ABSTRACT

This final chapter considers the legacy of 1870-1 for the evolution of the practice of citizenship in France. It begins by looking at the role of the elector in what had become de facto a decentralised administration of a centralist state. This reflects the powers of the citizen in a bartering political order, and expresses the deep impact of republican practices over the 1870-1 period while not denying that the political heritage of 1870 was not entirely claimed. In fact, it is the contention of this book that the practice of citizenship in times of war and civil war, and in a political vacuum, cannot be entirely consistent and narratively coherent with the periods that precede and follow. The debates on communal freedom and decentralisation had their corresponding counterweight in a desire for centralisation, but all had the elector-citizens at their heart, and this remained a feature of the French parliamentary system of the Third Republic. The second part of this chapter deals directly with the central argument of the second part of this book on the decline and brutalisation of French politics in the period leading to the Paris insurrection.

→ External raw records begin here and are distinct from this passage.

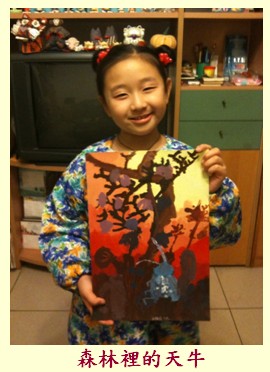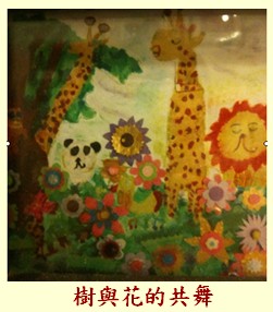 - 代表學校參加比賽 - 樹與花的共舞,用色紙剪出各種大小不同的形狀,再用泡棉膠黏成立體的花朵,草皮也是同樣的作法。動物們則是用蠟筆完成,最後剪貼在圖畫紙上。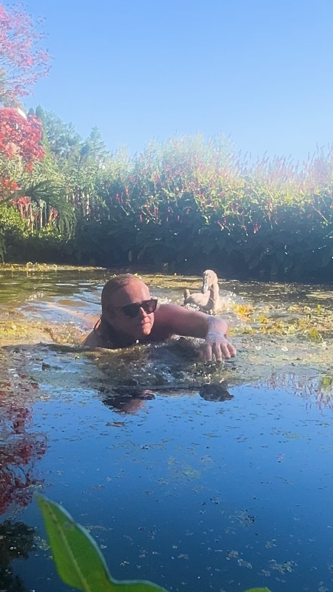 Man Swims With Rescued Baby Swan The moment this little one hatched, he had no clue what awaited ❤️ @jips.adventuree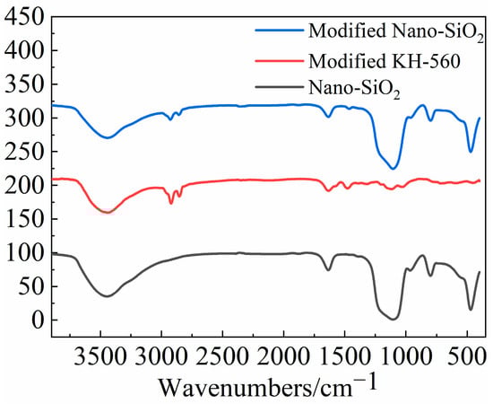 The FR-IR spectra of nano-SiO2, modified KH-560 and modified nano-SiO2 are presented in Figure 2. The characteristic peaks at 472 and 1105 cm−1 belong to the bending vibration and stretching vibration of the Si-O. The antisymmetric tensile vibration absorption peak and bending vibration absorption peak of the hydroxyl emerged at 3446 and 1633 cm−1. Compared with the data of nano-SiO2, the peak intensity at 3446 cm−1 of the modified nano-SiO2 decreased, indicating that the hydroxyl on the nano-SiO2 had reacted. In addition, the characteristic peaks of methyl and methylene can be found at 2925 and 2858 cm−1. The two characteristic peaks mentioned above can be simultaneously observed in the spectra of modified nano-SiO2 and modified KH-560, indicating that the modified KH-560 successfully grafted onto the modified nano-SiO2.
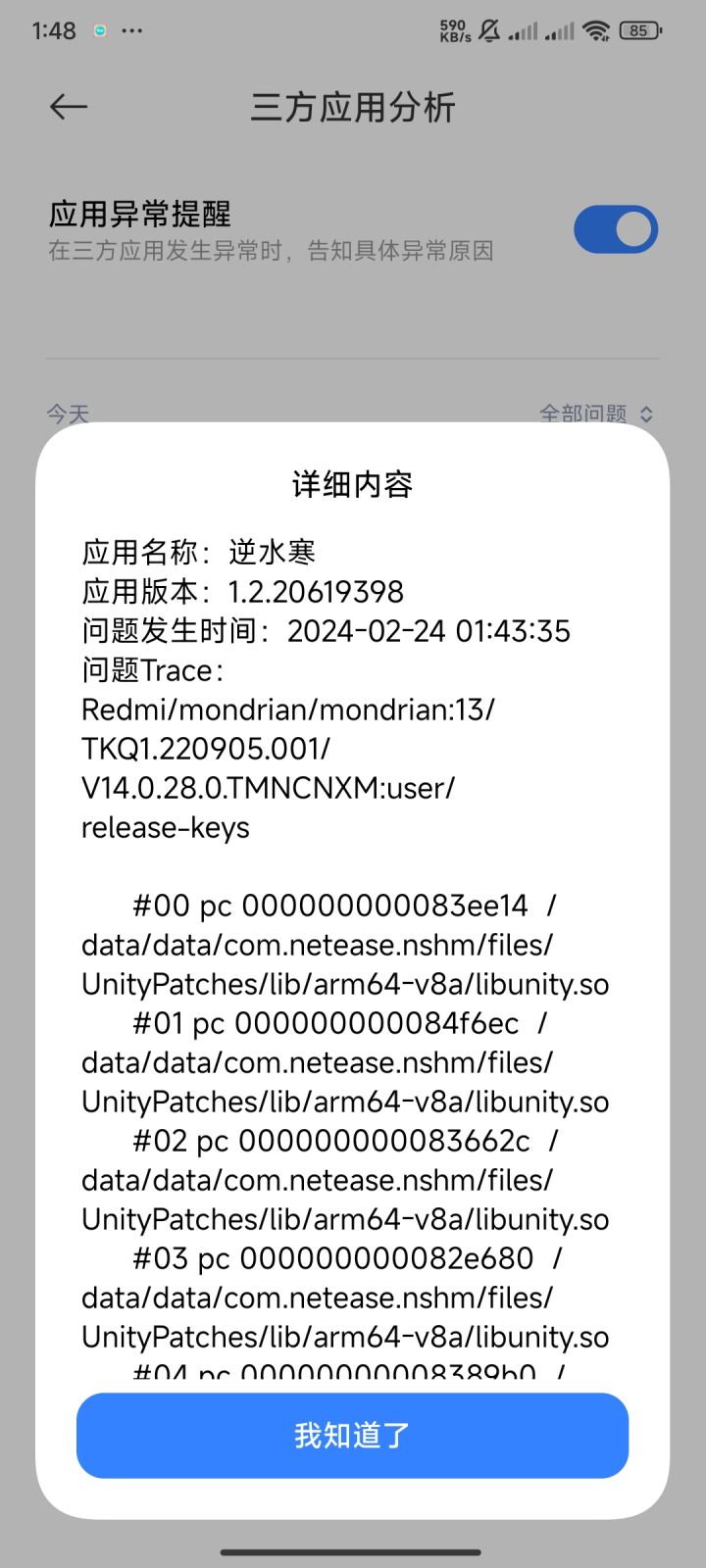 红米K60,进游戏后,画面一卡就闪退,已经好多次了,图是凌晨的,白天玩的时候也还是这样,修复也不行内存是512的,还有两百多G。model: Xiaomi 23013RK75C,检测结果: 无兼容性问题os: Android OS 14 / API-34 (UKQ1.230804.001/V816.0.4.0.UMNCNXM),检测结果: 无兼容性问题gpu: Adreno (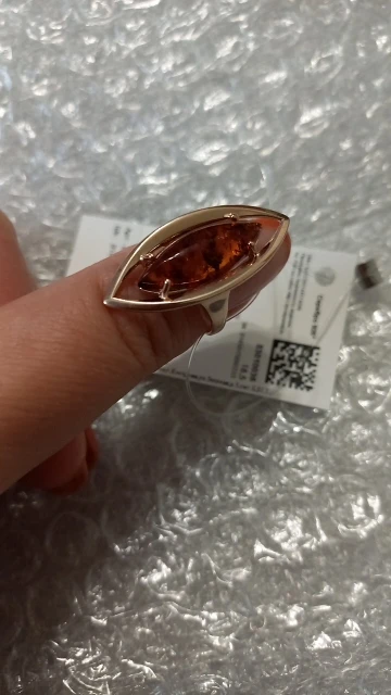 Кольцо SOKOLOV из золочёного серебра с янтарём (пресс.)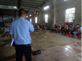 最近一周的工作基本围绕7月21日火灾的后续工作展开。7月26日,于辖区工业区内召开消防安全会议,与会人员达上百人,三和派出所及该村村委会主要领导出席会议,另新会区安全局局长莅临讲话,会议到场的企业负责人听取了各方领导的讲话,学习了消防安全配备标准以及安全整改意见。此次会议主要希望各企业负责人从7月21日火灾事件中吸取教训,认真负责地做好企业内的安全排查工作并积极整改,排除消防隐患,保证生产安全。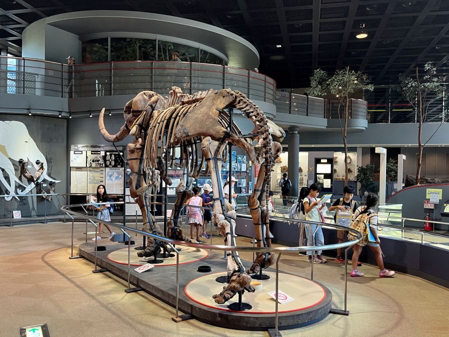 - 恐竜関連の展示が多く、小学生と一緒に見学です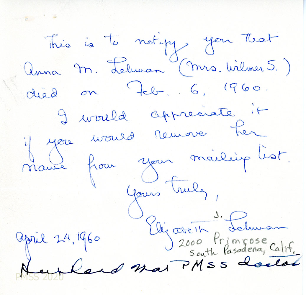 [036] April 24, 1960. [No salutation] from Elizabeth J. Lehman in South Pasadena, CA, who reports that “Anna M. Lehman (Mrs. Wilmer S.) died on Feb. 6, 1960,” and asks that her name be removed from the PMSS mailing list. (Notation in different handwriting: “Husband was PMSS doctor.”)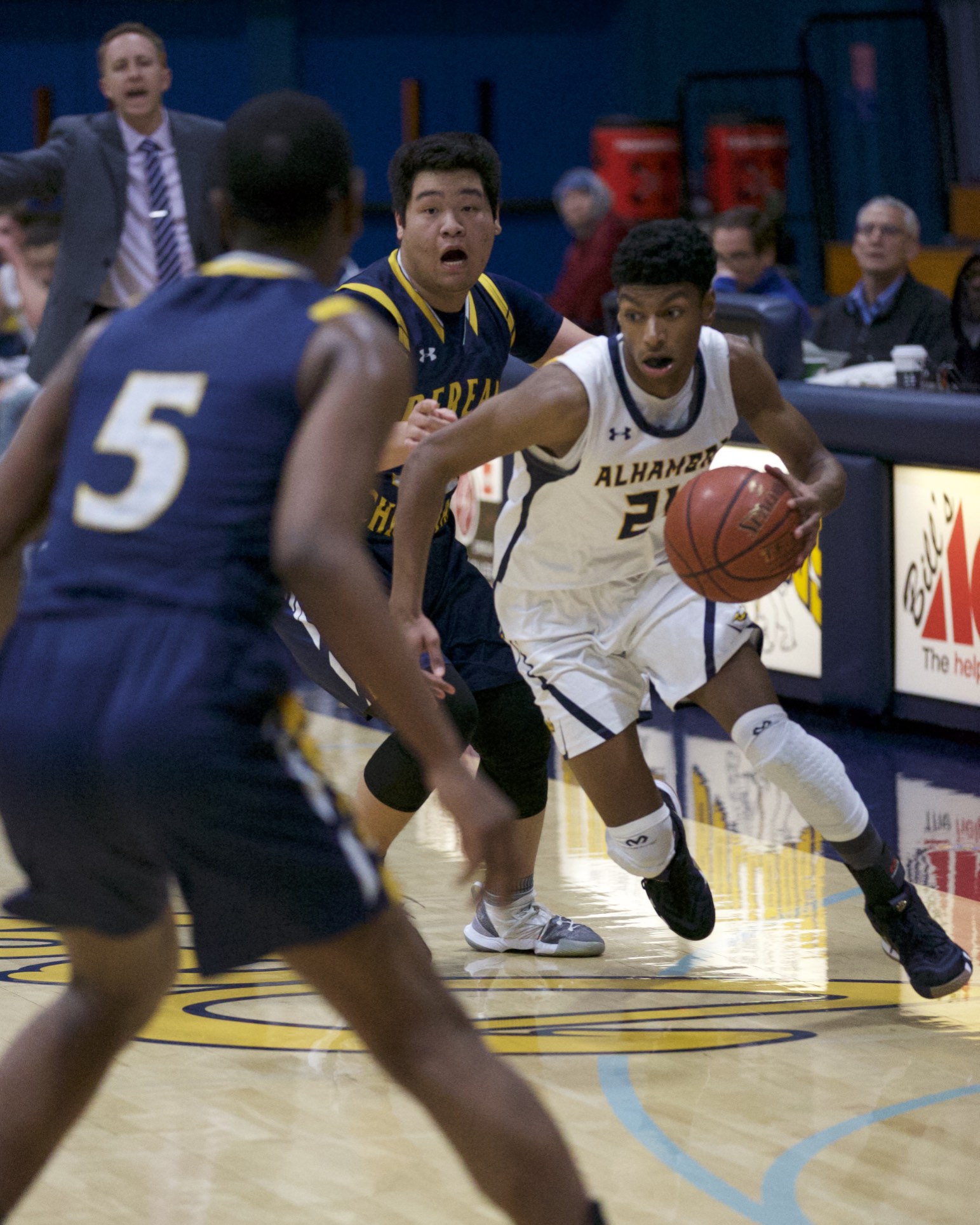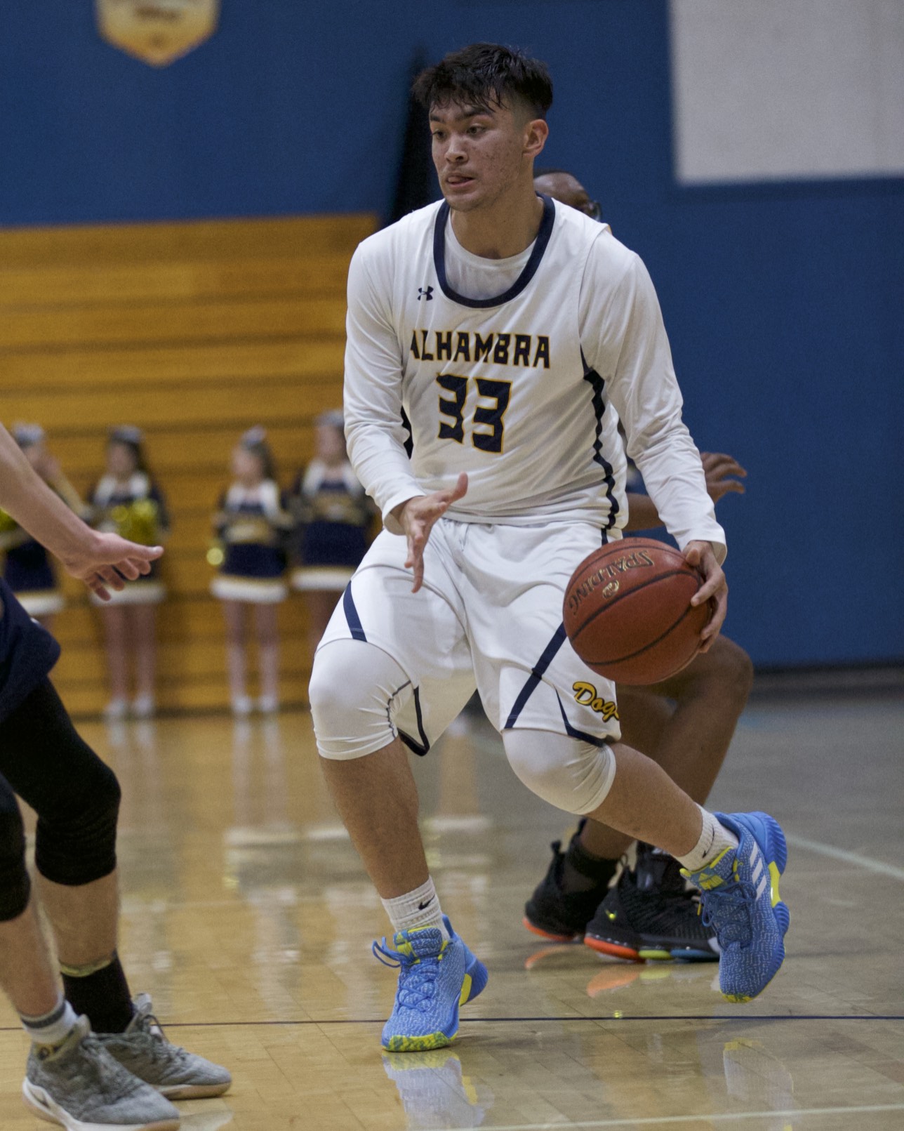 After a beautiful rendition of the National Anthem by referee L.G. Mills to kick off the first league game of the season, the Dogs (9-7 overall, 1-0 league) displayed great defensive intensity. They attacked ball screens, mixed up their defensive sets, hustled for loose balls, and generally made life uncomfortable for the Eagles (6-8 overall, 0-1 league). Alhambra led 19-12 at the quarter.

Looking at the aftermath of the wars, it considers how 4 September republicans and Communards were reintegrated into the political fabric, even though their political enterprise had been a failure. This mending of the French political fabric was never complete or universally accepted, but it functioned well in rapidly historicising the events of 1870-1 and in converting them into a national founding myth which concluded with the necessity of the Third Republic. This political use of history did not bury all the issues raised in 1870-1, and much of the social compact established in 1871 came to haunt the conservative democracy.